Moreover, research on advanced HER2-targeted imaging modalities, such as the ^68Ga-ABY-025 PET/CT, demonstrates a promising ability to selectively identify HER2-positive metastases with greater specificity than conventional imaging techniques. The small peptide tracer ABY-025, designed to bind uniquely to the HER2 receptor without competing with therapeutic antibodies, has shown potential for distinguishing HER2-positive from HER2-negative lesions, even in complex metastatic contexts [7]. In clinical studies, ^68Ga-ABY-025 PET/CT effectively quantified HER2 expression across whole-body scans, capturing dynamic changes in HER2 expression across different metastatic sites [29]. Additionally, findings suggest that ^68Ga-ABY-025 PET/CT could serve as an efficient alternative to broad routine imaging, particularly in HER2-positive breast cancer patients where routine MRI screening may yield limited value due to the low incidence of asymptomatic brain metastases [30]. This approach could help reduce unnecessary imaging, minimizing patient exposure to radiation and the likelihood of overdiagnosis.
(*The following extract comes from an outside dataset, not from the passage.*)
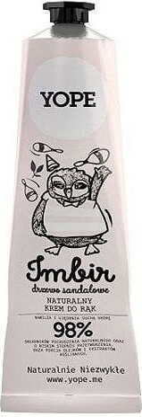 Een natuurlijke crème van Yope, bedoeld voor de dagelijkse verzorging van de huid van de handen. Dankzij de rijke formule met plantaardige actieve ingrediënten, hydrateert, voedt en beschermt het de droge en schrale huid effectief. Geschikt voor dames en heren. Geurversie: gember en sandelhout.

Given these promising results, future studies on ^68Ga-ABY-025 could explore its use as a routine diagnostic tool within targeted surveillance protocols. This would involve further assessing its sensitivity and specificity across larger patient populations and expanding on cost-effectiveness analyses to clarify its value relative to traditional imaging approaches.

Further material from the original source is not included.